In the current study, we also collected information about personality traits and circadian preferences, variables that have been previously associated with time perspective (e.g., Bisson and Grondin 2020; Hammerschmidt and Wöllner 2023; Hornik et al. 2010; Momi et al. 2023; Rammsayer 1997). We did not observe any trait differences across the groups, nor any associations between spontaneous tempo and circadian preferences, state anxiety, and perceived sleepiness. However, we observed negative associations between conscientiousness and CV in the whole sample, suggesting that participants more conscientious were the ones with better temporal sensitivity (higher precision in their spontaneous tapping).

The results of the current study should be interpreted taking into account some limitations. First, although the sample size was designed considering a medium effect size for the main comparison (i.e., change in CE across the four blocks in the two conditions), it is possible that a larger sample would be more appropriate to identify smaller effects. Second, based on previous literature that the physiological activation due to the PASAT would be maintained in the subsequent task (Starcke et al. 2016; Bachmann et al. 2019). However, we cannot exclude that the difference in psychophysiological arousal dissipated in the following minutes (see Tanosoto et al. 2012) or the participants in the control task reached a level of activation similar to the stress group during the time bisection task. Therefore, further study may capitalize on reliable stressful tasks which effect are known to last for several minutes.

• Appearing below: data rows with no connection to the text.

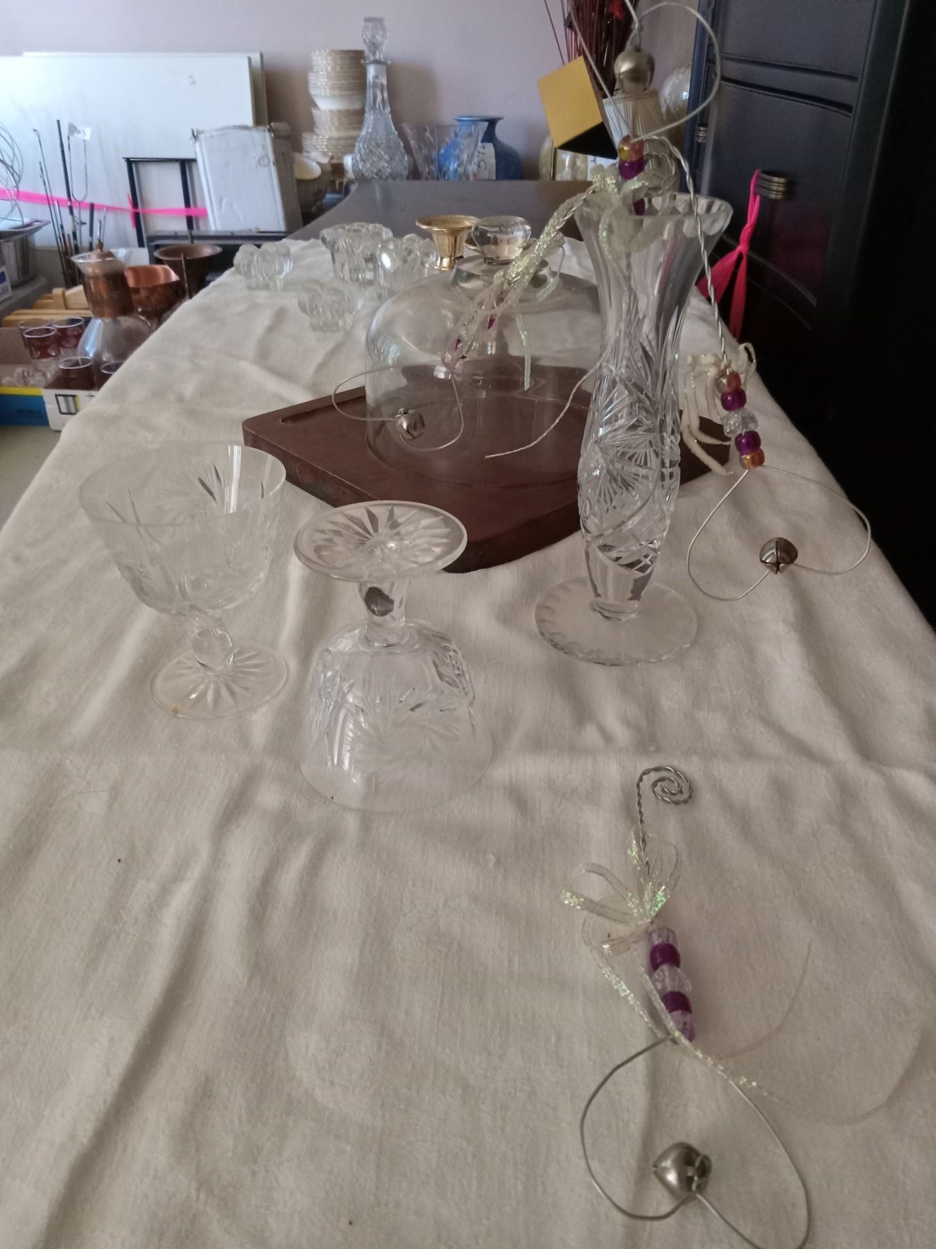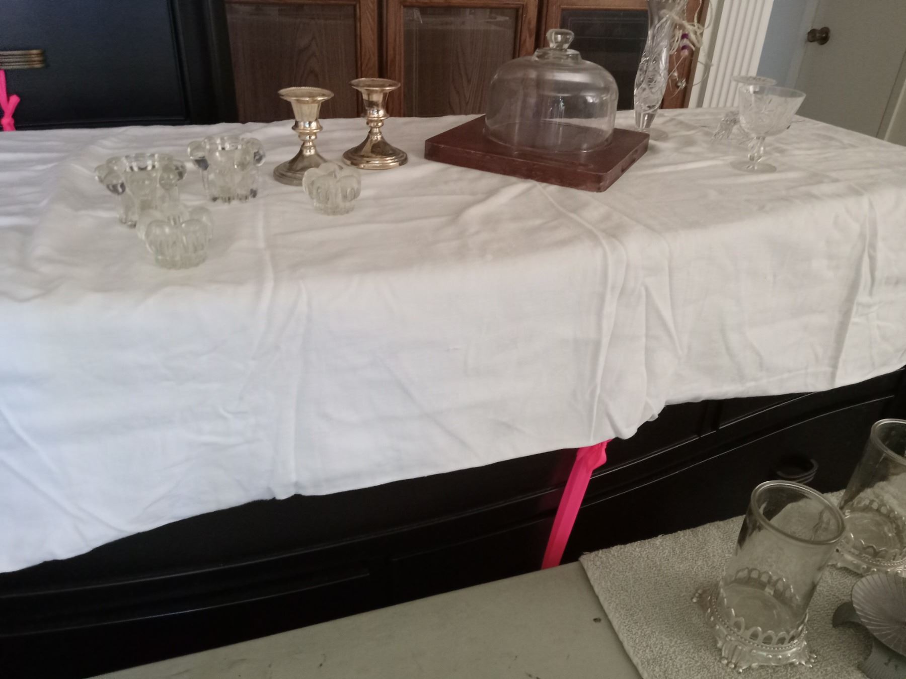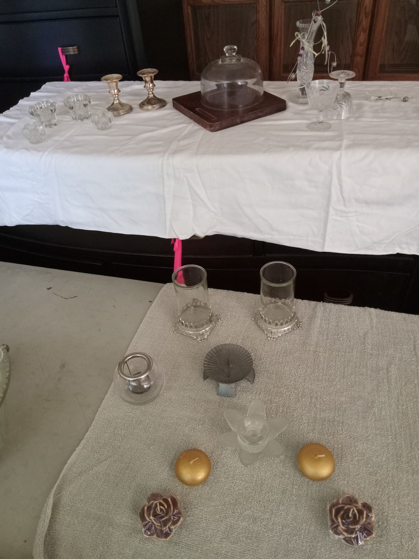 ASSORTED SERVING, CRYSTAL & SILVER CANDLEHOLDER(S).
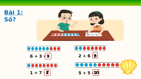 TOÁN 1 Tuần 9 Bài 20: Luyện tập DỌN SẠCH ĐẠI DƯƠNG 2 3 1 4 Bài 1: Số? 6 + 3 = ? 9 2 + 6 = ?8 1 + 7 = ? 8 5 + 5 = ? 10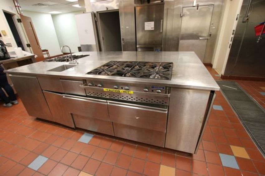 U.S. Range S/S Island with (1) 4-Burner Gas Stove, (1) 6-Burner Gas Stove, Small Single Bowl Sink, Multiple Drawers and Cabinets, Power Outlet, Approx 106" L x 66" W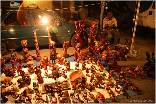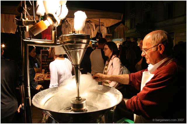 Thousands of people milling round at midnight among the market stalls and shops selling every thing from African masks to shoe laces, clothes, antiques, flashing toys or sweet things to eat. There is something strange about buying a candyfloss in the dark … hmm, maybe not … fairgrounds are also open at night are they not ?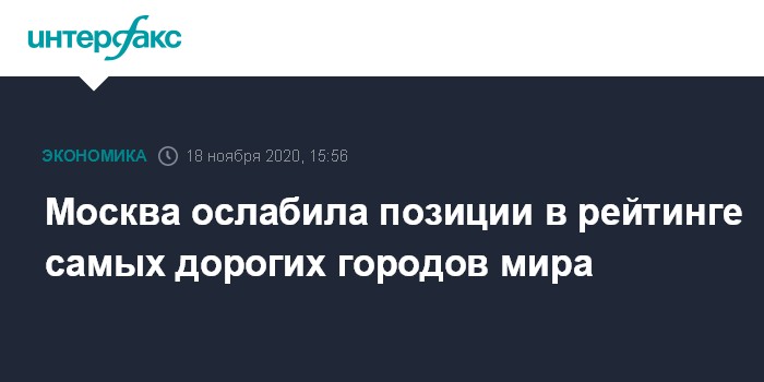 Москва опустилась в рейтинге на 20 позиций - на 106-е место.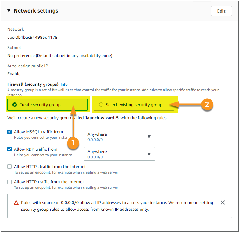 Generally speaking, every organization will have their own network security requirements. Your IT department will need to configure the EC2 instance's Network Settings panel according to your needs. For the purposes of this demo, we will use the default Network Settings.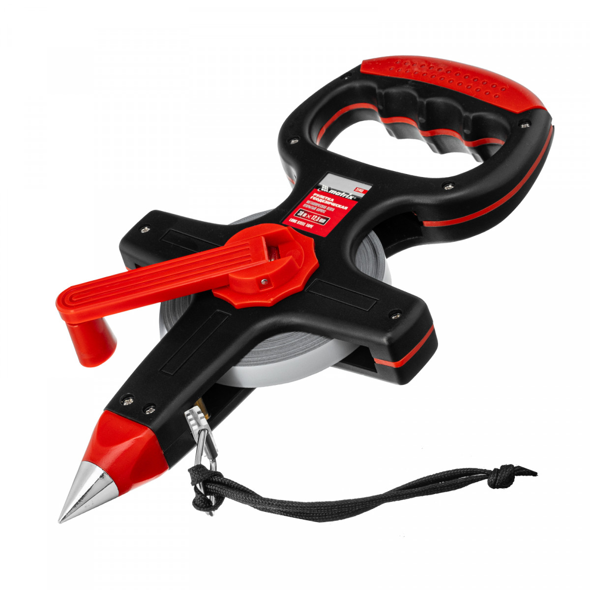 • Удобная эксплуатация — сматывающий механизм с ручкой облегчает возврат измерительного полотна в корпус.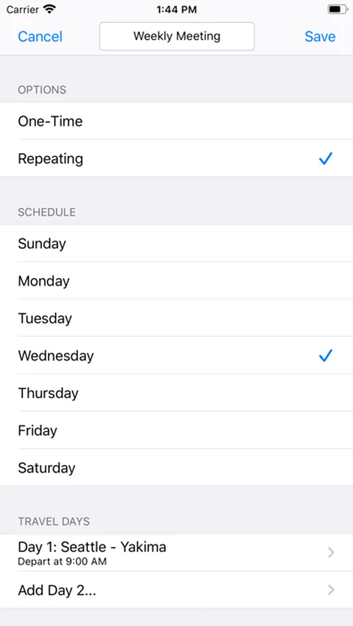 • Create trips that automatically repeat on certain days each week.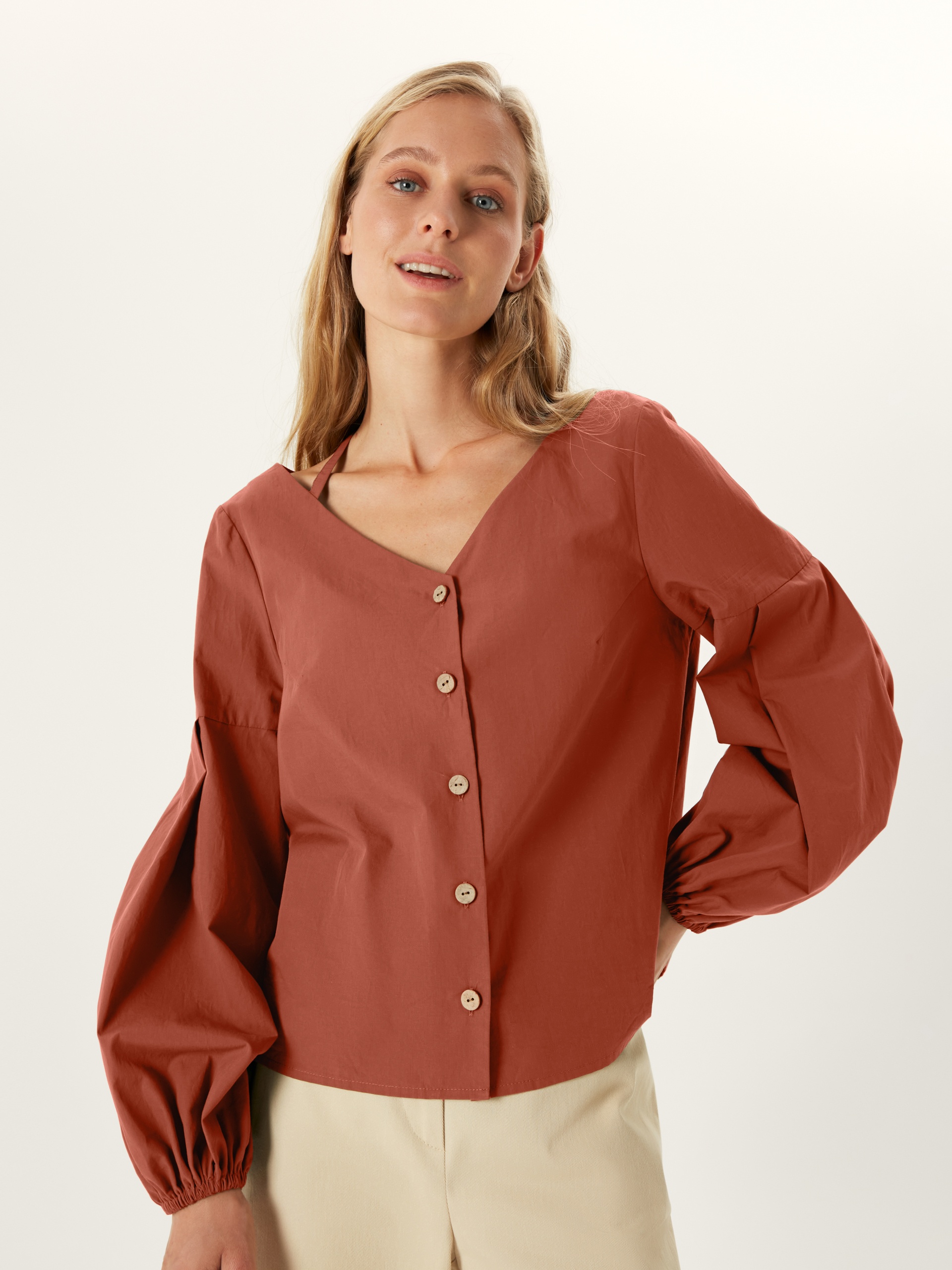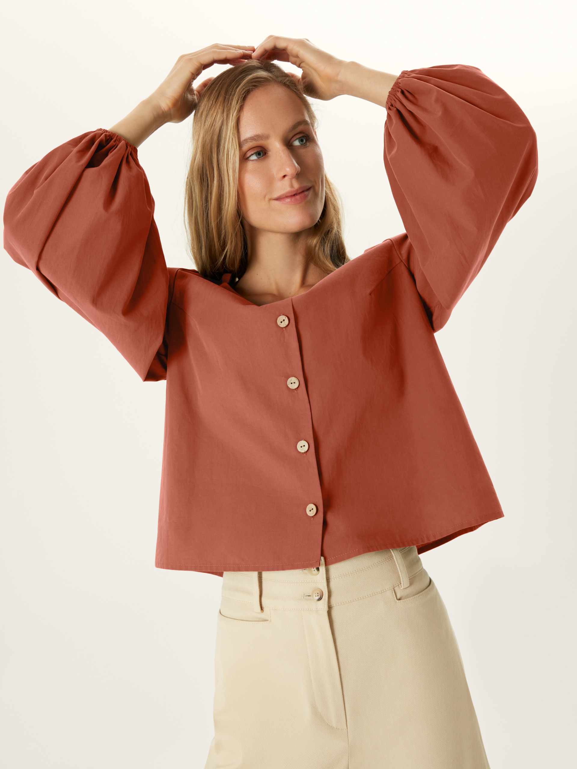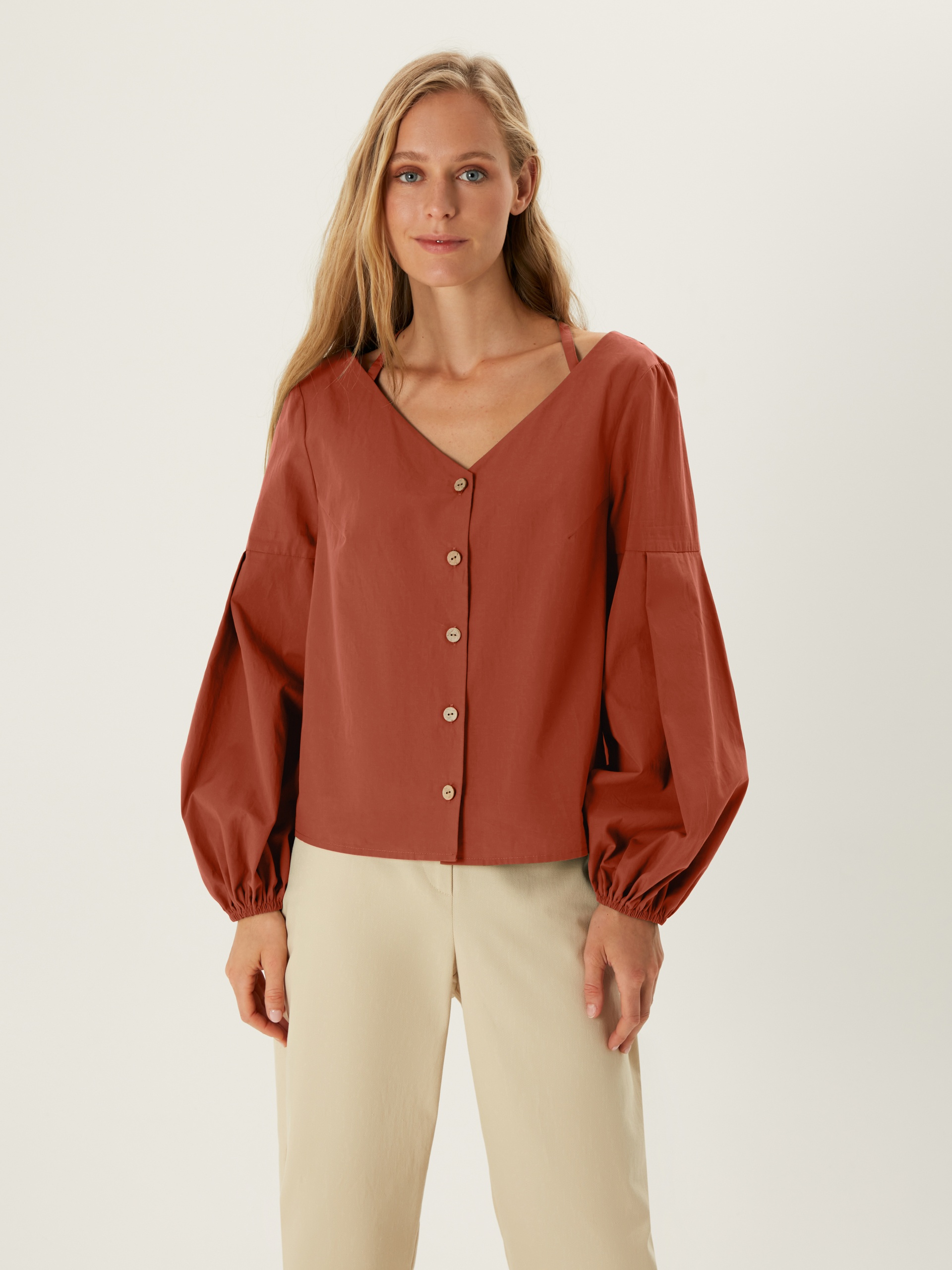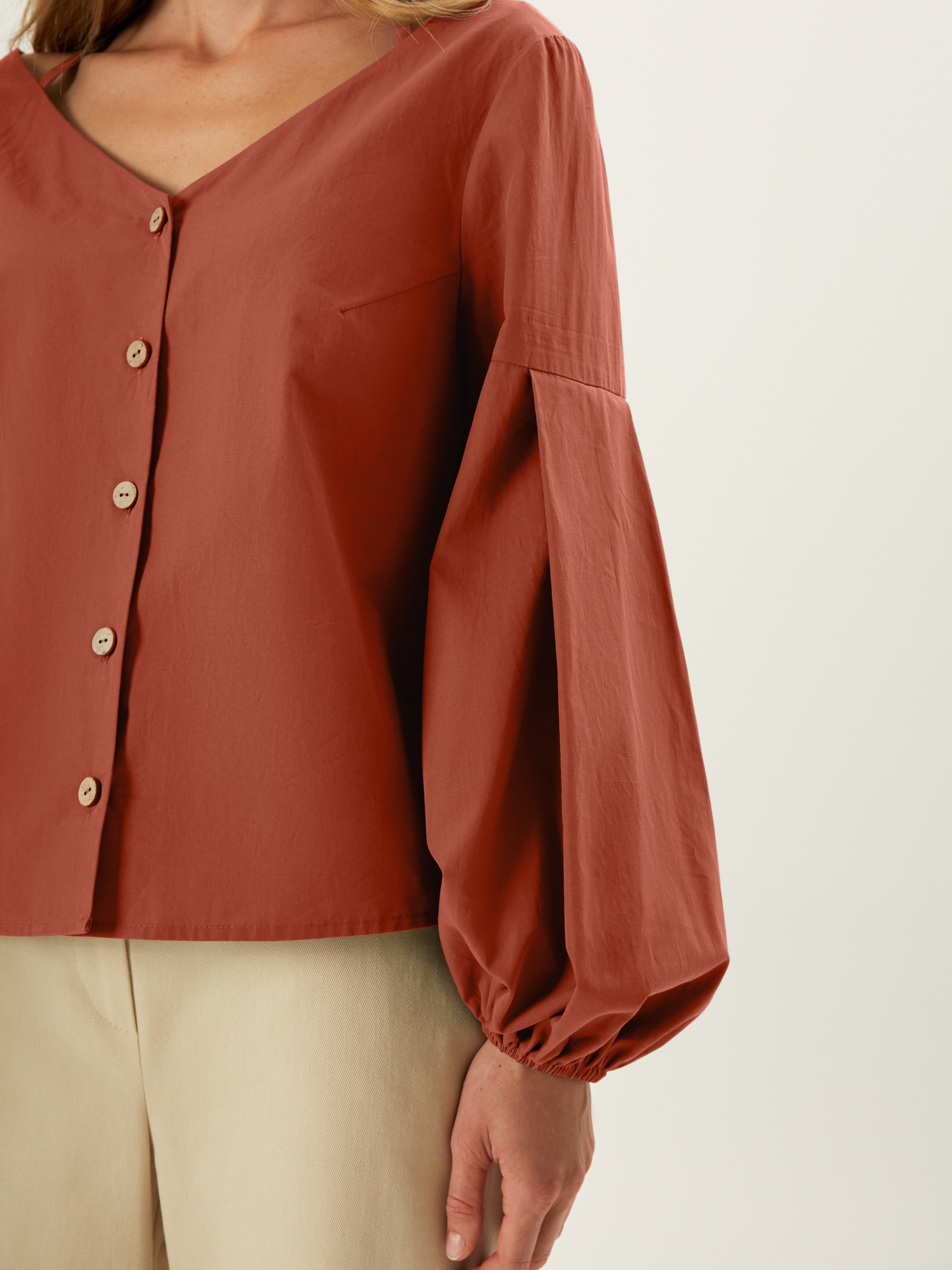 Блуза прямого покроя с V-образным вырезом, кокосовыми пуговицами и фантазийными рукавами. По горловине идет резинка для лучшей фиксации выреза. Блуза выполнена из хлопковой ткани в цвете "красная глина".

To conclude, here we showed that psychological and physiological stress can alter subsequent temporal accuracy. Future studies should aim at replicating the current findings with similar and different temporal tasks, including different temporal ranges (e.g., seconds). Moreover, it is important to design studies aimed at understanding whether the observed improvement in temporal processing depends on an extra mobilization of physiological and cognitive resources or a modulation of the sampling rate of temporal information.